## [BRIEF]
What are the lines, word for word, from the line with "It should be" up to and including the line with "В книге приведены" in the records below? Omit the pictures.

## [EXERCISE INPUT]
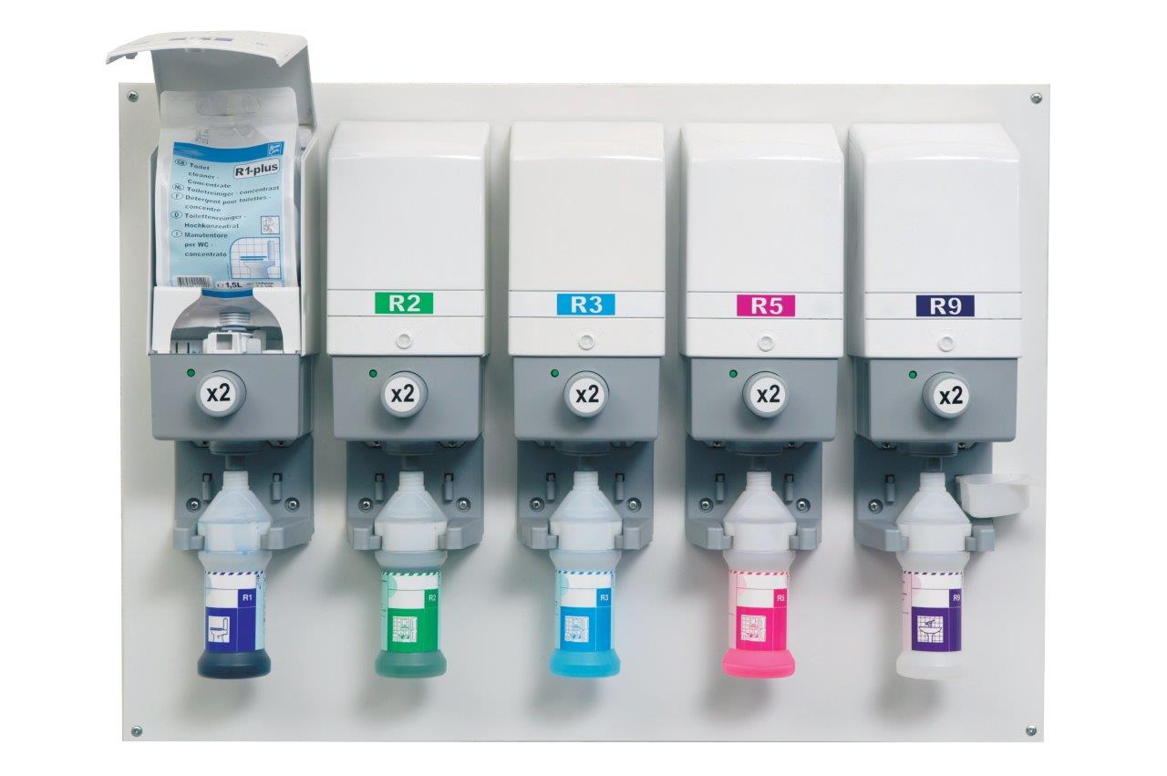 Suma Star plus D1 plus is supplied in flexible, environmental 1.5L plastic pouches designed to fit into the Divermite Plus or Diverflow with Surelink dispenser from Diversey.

* * *

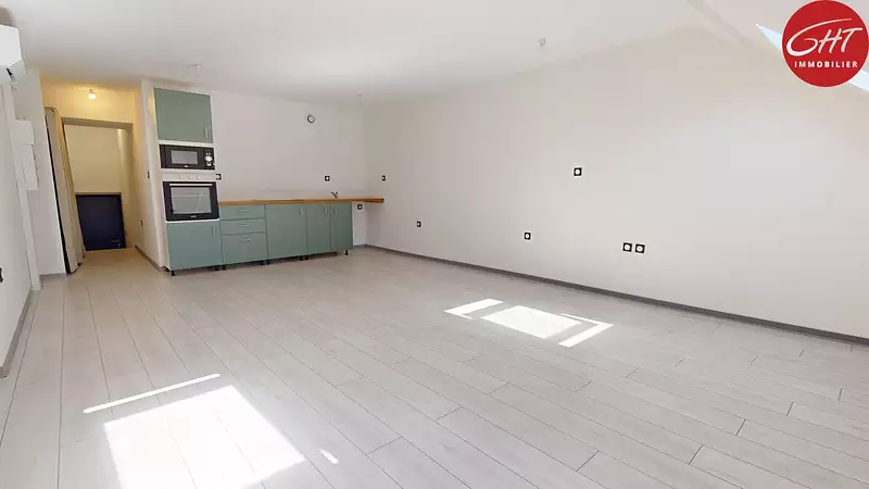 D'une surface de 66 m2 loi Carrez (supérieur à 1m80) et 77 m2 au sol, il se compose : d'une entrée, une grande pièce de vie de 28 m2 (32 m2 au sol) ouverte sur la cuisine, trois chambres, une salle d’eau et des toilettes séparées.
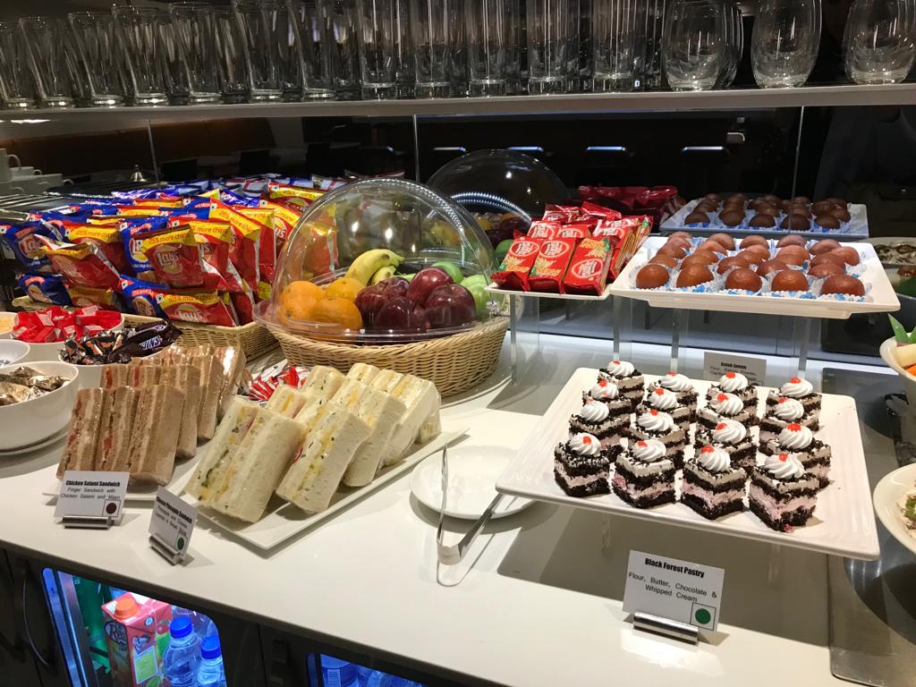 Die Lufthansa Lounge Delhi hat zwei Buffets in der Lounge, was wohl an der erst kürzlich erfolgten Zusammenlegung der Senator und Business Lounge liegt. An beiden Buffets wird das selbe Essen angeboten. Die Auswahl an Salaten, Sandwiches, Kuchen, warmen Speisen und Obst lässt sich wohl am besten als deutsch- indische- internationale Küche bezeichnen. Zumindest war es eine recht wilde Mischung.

* * *

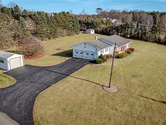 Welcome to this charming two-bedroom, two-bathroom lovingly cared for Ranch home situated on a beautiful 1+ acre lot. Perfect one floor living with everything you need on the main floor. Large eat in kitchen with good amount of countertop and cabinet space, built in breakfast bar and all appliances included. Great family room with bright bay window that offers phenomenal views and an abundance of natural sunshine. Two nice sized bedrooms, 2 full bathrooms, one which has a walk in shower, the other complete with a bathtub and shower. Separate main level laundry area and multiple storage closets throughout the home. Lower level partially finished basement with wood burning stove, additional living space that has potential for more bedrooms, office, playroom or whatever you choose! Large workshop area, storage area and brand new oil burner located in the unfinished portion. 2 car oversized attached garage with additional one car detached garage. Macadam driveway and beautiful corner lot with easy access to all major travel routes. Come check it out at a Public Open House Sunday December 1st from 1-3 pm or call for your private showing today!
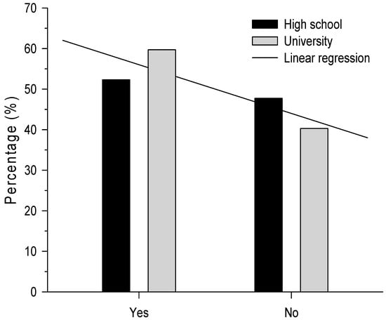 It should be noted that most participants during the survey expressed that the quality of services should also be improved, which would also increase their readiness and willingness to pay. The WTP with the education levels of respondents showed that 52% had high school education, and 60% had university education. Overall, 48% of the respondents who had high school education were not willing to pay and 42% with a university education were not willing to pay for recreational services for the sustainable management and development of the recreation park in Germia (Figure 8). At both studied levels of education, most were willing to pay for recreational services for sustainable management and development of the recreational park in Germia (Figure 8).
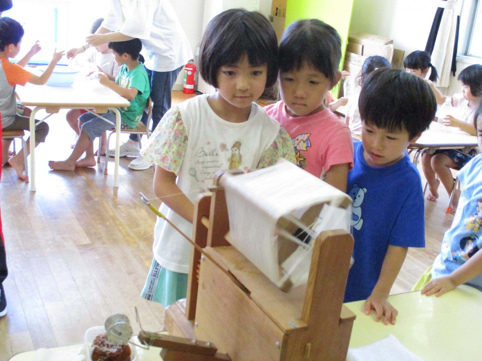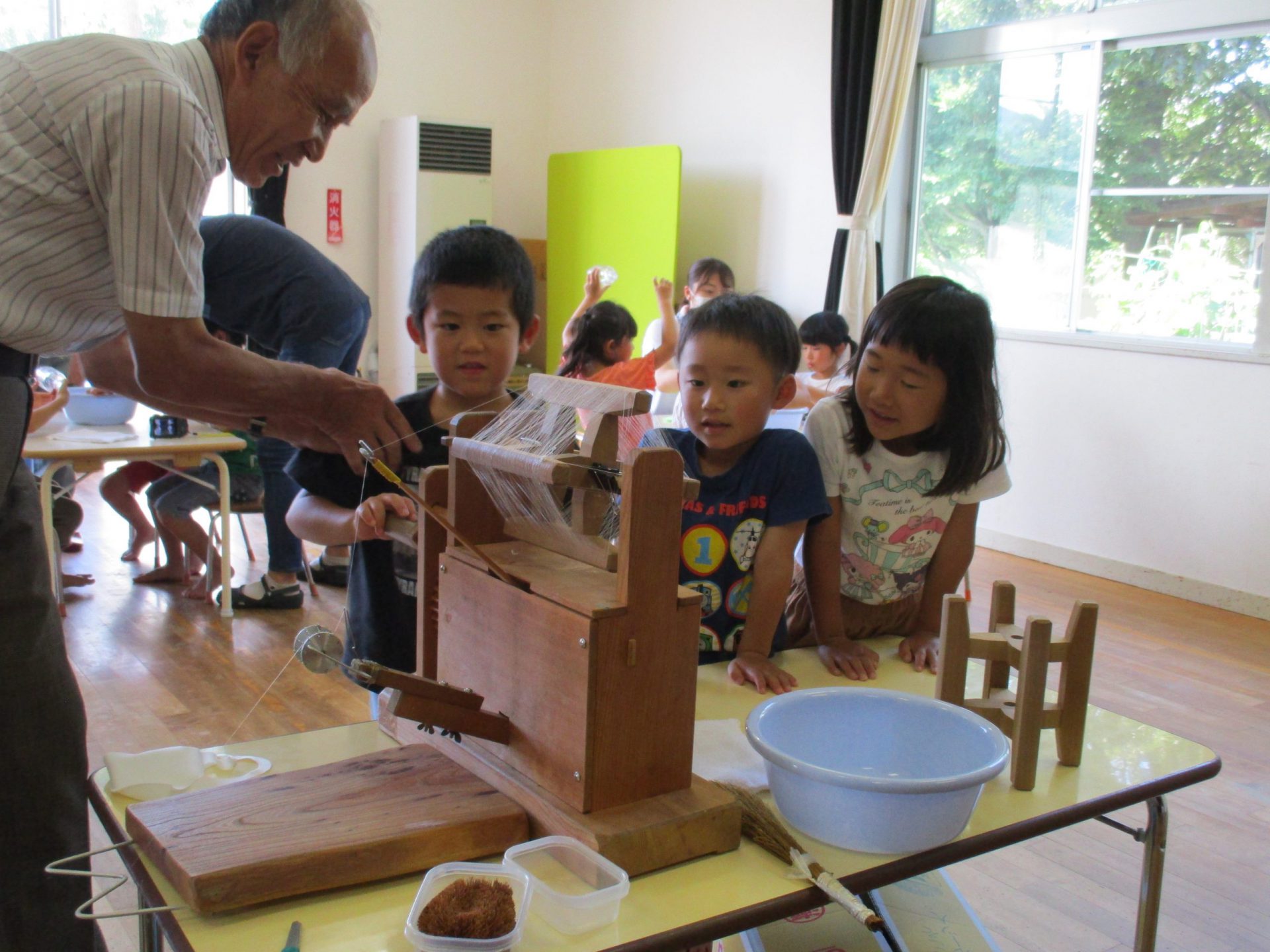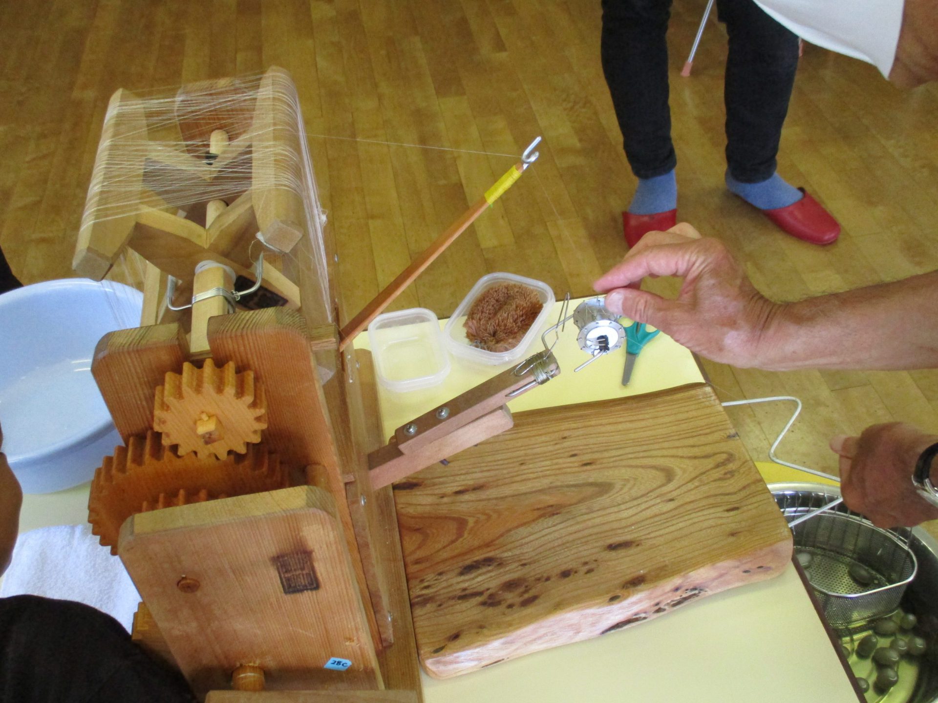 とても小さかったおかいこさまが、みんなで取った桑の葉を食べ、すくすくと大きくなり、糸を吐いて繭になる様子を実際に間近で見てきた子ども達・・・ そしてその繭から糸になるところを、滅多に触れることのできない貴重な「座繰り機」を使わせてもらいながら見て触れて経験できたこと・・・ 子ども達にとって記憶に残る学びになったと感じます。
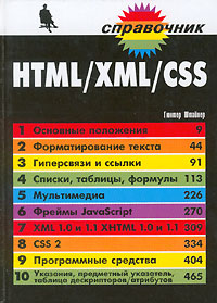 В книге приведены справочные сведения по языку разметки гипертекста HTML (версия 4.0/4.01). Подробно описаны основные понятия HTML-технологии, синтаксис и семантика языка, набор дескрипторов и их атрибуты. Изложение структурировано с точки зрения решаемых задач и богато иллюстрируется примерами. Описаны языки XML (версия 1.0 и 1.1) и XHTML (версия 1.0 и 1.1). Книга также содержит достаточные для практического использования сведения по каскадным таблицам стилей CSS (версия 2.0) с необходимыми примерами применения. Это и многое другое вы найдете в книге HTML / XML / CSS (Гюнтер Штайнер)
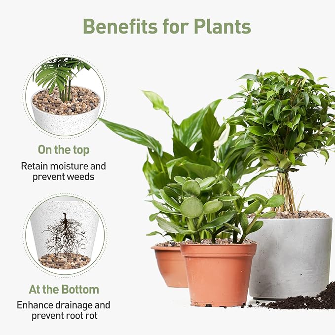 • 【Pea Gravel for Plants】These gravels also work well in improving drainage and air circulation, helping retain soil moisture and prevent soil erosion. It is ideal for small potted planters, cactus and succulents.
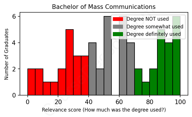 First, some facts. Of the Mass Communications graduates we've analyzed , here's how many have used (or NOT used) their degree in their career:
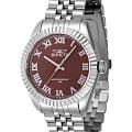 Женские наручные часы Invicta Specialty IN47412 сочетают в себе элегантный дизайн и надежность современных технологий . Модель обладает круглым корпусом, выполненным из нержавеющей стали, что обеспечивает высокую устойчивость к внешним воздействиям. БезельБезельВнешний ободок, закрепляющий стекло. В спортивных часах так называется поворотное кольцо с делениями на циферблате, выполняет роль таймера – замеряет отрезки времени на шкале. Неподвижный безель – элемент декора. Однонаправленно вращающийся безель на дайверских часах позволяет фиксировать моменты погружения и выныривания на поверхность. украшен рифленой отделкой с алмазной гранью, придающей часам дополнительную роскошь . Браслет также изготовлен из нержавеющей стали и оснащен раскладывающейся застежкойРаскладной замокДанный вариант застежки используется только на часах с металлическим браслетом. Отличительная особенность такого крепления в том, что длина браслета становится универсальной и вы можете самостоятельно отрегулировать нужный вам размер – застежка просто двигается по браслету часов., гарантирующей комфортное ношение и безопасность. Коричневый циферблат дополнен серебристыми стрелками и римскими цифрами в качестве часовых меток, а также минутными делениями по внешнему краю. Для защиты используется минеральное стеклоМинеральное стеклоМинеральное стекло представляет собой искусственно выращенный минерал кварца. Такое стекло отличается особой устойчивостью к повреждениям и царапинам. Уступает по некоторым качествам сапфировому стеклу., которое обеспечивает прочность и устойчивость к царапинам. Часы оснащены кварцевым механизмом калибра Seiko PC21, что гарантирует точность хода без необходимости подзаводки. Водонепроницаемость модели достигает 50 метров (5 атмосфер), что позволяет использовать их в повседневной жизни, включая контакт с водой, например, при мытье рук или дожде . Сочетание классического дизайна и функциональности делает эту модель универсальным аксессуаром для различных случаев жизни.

## [ANSWER BOX]
 It should be noted that most participants during the survey expressed that the quality of services should also be improved, which would also increase their readiness and willingness to pay. The WTP with the education levels of respondents showed that 52% had high school education, and 60% had university education. Overall, 48% of the respondents who had high school education were not willing to pay and 42% with a university education were not willing to pay for recreational services for the sustainable management and development of the recreation park in Germia (Figure 8). At both studied levels of education, most were willing to pay for recreational services for sustainable management and development of the recreational park in Germia (Figure 8).
 とても小さかったおかいこさまが、みんなで取った桑の葉を食べ、すくすくと大きくなり、糸を吐いて繭になる様子を実際に間近で見てきた子ども達・・・ そしてその繭から糸になるところを、滅多に触れることのできない貴重な「座繰り機」を使わせてもらいながら見て触れて経験できたこと・・・ 子ども達にとって記憶に残る学びになったと感じます。
 В книге приведены справочные сведения по языку разметки гипертекста HTML (версия 4.0/4.01). Подробно описаны основные понятия HTML-технологии, синтаксис и семантика языка, набор дескрипторов и их атрибуты. Изложение структурировано с точки зрения решаемых задач и богато иллюстрируется примерами. Описаны языки XML (версия 1.0 и 1.1) и XHTML (версия 1.0 и 1.1). Книга также содержит достаточные для практического использования сведения по каскадным таблицам стилей CSS (версия 2.0) с необходимыми примерами применения. Это и многое другое вы найдете в книге HTML / XML / CSS (Гюнтер Штайнер)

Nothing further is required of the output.